Kelly will know what level his squad is at come 5.45 on Sunday afternoon – albeit they could know a lot earlier given the Dubs’ dominance – but what does he feel is realistic against Dessie Farrell’s defending All-Ireland champions?

“There’s no point talking about scorelines and no matter who we were playing in the morning, you’re never talking about, ‘We need to score x, y and z’. You’d be looking at what you’d like to hold the opposition to, that’d be the norm anyway,” the Kilclonfert clubman says.

“Dublin can get a run on you early on and at any level or any grade, they could do a number on a team very, very quickly. It’s about going out there and preparing for Dublin as best as we can and putting our best foot forward.

“What I would look at is that fellas play to their maximum or play to their best and see where that takes you after that. We had a good performance in patches against Laois, we probably didn’t see that game out as well as we would have liked.

“I suppose that’s one area that you’re trying to look at, against a Dublin or that when you are on top and you get opportunities, you have to be pretty clinical with them because the likes of the top teams aren’t going to give you a lot of opportunities.

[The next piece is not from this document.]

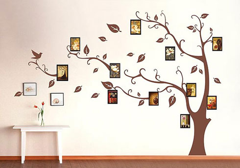 Я тоже над этим вопросом голову ломаю, есть две стены пустующие. Можно еще наклейки специальные приклеить или поставить посередине узкий столик, а от него дерево с семейными фотографиями. что-то типа того, только попроще )
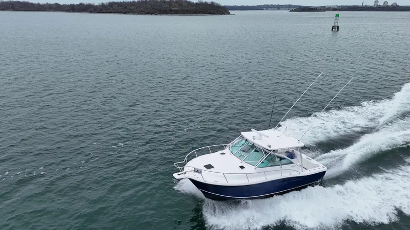 You have found it!! This original 500-hour Rampage 34 is a well-regarded sportfishing yacht known for its performance, versatility, and solid build. Our just "traded in" ONE owner Rampage will not disappoint you! When we took ownership of this boat, we assessed its structural and mechanical systems to ensure everything is working properly and safe to operate. I personally delivered the boat from Osterville to Hingham and was very impressed with its ease of handling, ride and array of electronics. This yacht was purchased brand new on Cape Cod and spent its entire life in the Osterville area where it received platinum service twice a year from the dealership where it was purchased. A boat ahead of its time, this vessel was built to provide easy maneuvering with twin Volvo Penta IPS 500 370hp engines and Volvo helm and joystick controls, docking has never been easier! No expenses were held back as she was equipped with two Garmin 7212 chart plotters at the helm, Garmin VHF 200, and Garmin Autopilot. When it's time to go fishing, she is equipped with a live well, starboard cockpit bait prep station with tackle storage, outriggers, and plenty of rod holders. The Kohler 9kw generator, helm deck AC and heat with 4 side cockpit enclosure with aft drop curtains are sure to keep you cool and warm as the seasons change. Additionally, this Rampage has an island forward berth layout, air and heat both in the cabin and at the helm, teak and holly flooring to the salon, ice maker, windlass, refrigerator. So... You could buy an early 2000s 35 Cabo or 35 Carolina Classic with 3000 hours for the same money, or you could by this One Owner, 10 years newer, 485 original hour Gorgeous 34 Rampage! Don't miss out on this opportunity to own a low hour, well equipped sportfishing yacht!

“And most definitely as regards them turning you over and that in various parts of field, they will hurt you and that is something that we have been speaking about all year and not handing over possession because if they come at you in waves, it can be a long afternoon then.”

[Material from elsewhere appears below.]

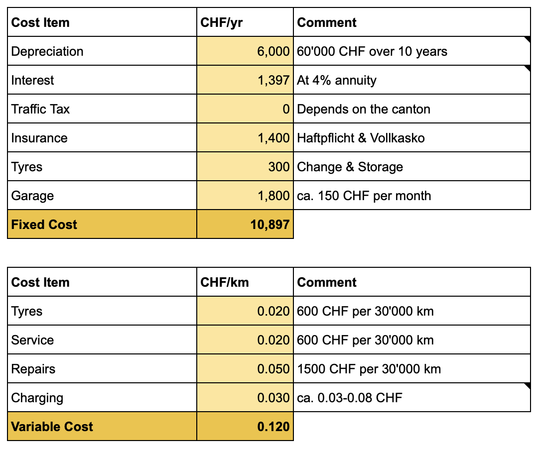 So yeah, if you gonna buy a Tesla for $60’000 using a 10-year loan at 4% interest (currently only up to 7 years is possible), you’re looking at $11’000 fixed cost per year where the car just sits in the garage. Then if you make a respectable 25’000 km in a year, add $3’000 variable cost. If after 10 years and 250’000 km your car is still worth something, let’s just consider it a bonus.

Kelly was promoted to the senior job ahead of this season having famously guided the U-20s to All-Ireland success in 2021 and many of those players are now the driving force of the current side.

Lee Pearson captains the side at the tender age of 21 while his Tullamore club-mates Cormac Egan and John Furlong man the wing-back spots with Jack Bryant, Keith O’Neill and Cathal Flynn also being vital cogs in the Faithful attack.

Kelly and that cohort return to the scene of their All-Ireland final victory over Roscommon and while many bemoan the fact that Dublin will play on a pitch they know all too well, the Offaly boss knows that his side will “learn an awful lot” at GAA HQ as “it’s definitely different than your normal game”.

“You would be happy where a lot of the younger fellas that have probably come in this year are at, they’re finding their feet and they are beginning to establish themselves on the team, that’s where we are at the minute,” he says.

The chance of victory against the game’s standard-bearers is reflected in Offaly’s 33/1 odds but Kelly knows that his side will be out again in a fortnight “whatever way the result goes” and he demands a mindset shift.

“From an Offaly perspective going beyond Sunday, we have to embrace the All-Ireland SFC Qualifiers or the Tailteann Cup because it’s something that we haven’t collectively done for the last 20 years,” Kelly says.

“If you’re going to be on about development and getting players to commit long-term to a county set-up, you’re guaranteed more games and that’s where our focus has to turn to whatever the outcome is on Sunday.”